# LR2/TreeExporter - Export your images while preserving the folder structure



## Tim Armes (Jun 14, 2009)

Hi,

I've just released a new plug-in that'll export images whilst preserving the original folder structure.

The plug-in scans the images to be exported in order to determine the deepest folder that contains all the images, and then exports the tree from this point (although you can optionally choose to start higher up) to your destination.

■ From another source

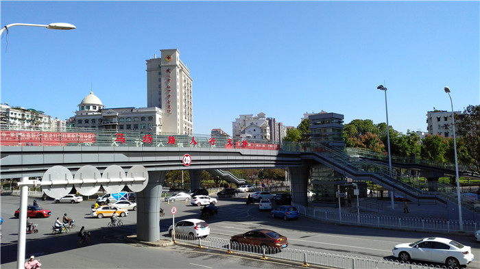 “同濟(jì)健康天橋”,被市民親切的稱為“英雄橋”。主橋橫跨交通繁忙的解放大道,北接同濟(jì)醫(yī)院門診主樓,南連同濟(jì)醫(yī)院生殖中心。天橋主梁全長55.2米,天橋兩端共設(shè)計4個出入口,安裝4部自動扶梯,并設(shè)置了1:2的梯道。從空中俯瞰,呈現(xiàn)一個“工”字。
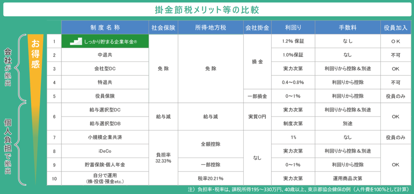 | 事業内容 | しっかり貯まる企業年金®は、経営者、役員の方も加入でき、全額損金が認められ手厚い税制優遇を受けられる退職金積立制度で、積立比率140%強、実質自己資本比率30%強の健全運営、50年以上の実績があります。 |

Real time examples are given so that it's very clear what's going to happen.  The UI is polished and easy to use.

More details here:

http://www.timothyarmes.com/lr2treeexporter.php

and don't miss the quick guide:

http://www.timothyarmes.com/lr2treeexporter.php?sec=quickguide

Tim


----------



## Denis Pagé (Jun 16, 2009)

Wow! I think you are filling a BIG GAP here!


----------



## Paul (Jun 16, 2009)

Am a raw LR2 newbie Tim, but once I've found my feet I'll be sure to come back and try your plugin, thanks! (This a bookmark for the thread? No way, it's a...comment and thanks)

By the way, nice to see Lua being used so well  
- is it compatible with Mac OS X? (i note it has a Win "unzip")


----------



## Sean McCormack (Jun 17, 2009)

Zip is the OS compressor on Mac too Paul.


----------



## Paul (Jun 17, 2009)

Should you try the executable (unzip.exe) in tLR2TreeExporter.lrplugin/Win   - you'll be disappointed on OS X 

Just because I'm ignorant about LR2 doesn't mean I'm clueless about all software, but I do understand you'll not (yet) know my geek-y-ness  rating


----------



## Victoria Bampton (Jun 17, 2009)

All geeks welcomed.  Around here it's not an insult.  

Fortunately Tim is also a real geek and builds cross-platform Lightroom plugins.


----------



## Sean McCormack (Jun 17, 2009)

If I turned off Parallels, I might be 

The Win folder is usually accessed by the internal WIN_ENV variable inside the plugin, so Mac users would only see it looking inside the package. You'll find that a lot of plugins that use external CLI commands have Win and Mac folders. My FFMPEG plugin has both. 

There's a geekiness rating?.. Oeerrr...


----------



## Brad Snyder (Jun 17, 2009)

Sean McCormack;47'43 said:
			
		

> There's a geekiness rating?.. Oeerrr...



At one point there was a whole geek code identifier, for signature inclusion, when corresponding with fellow geeks.  Not just your overall geek rating, but classified across various subsets.  Geek Code


----------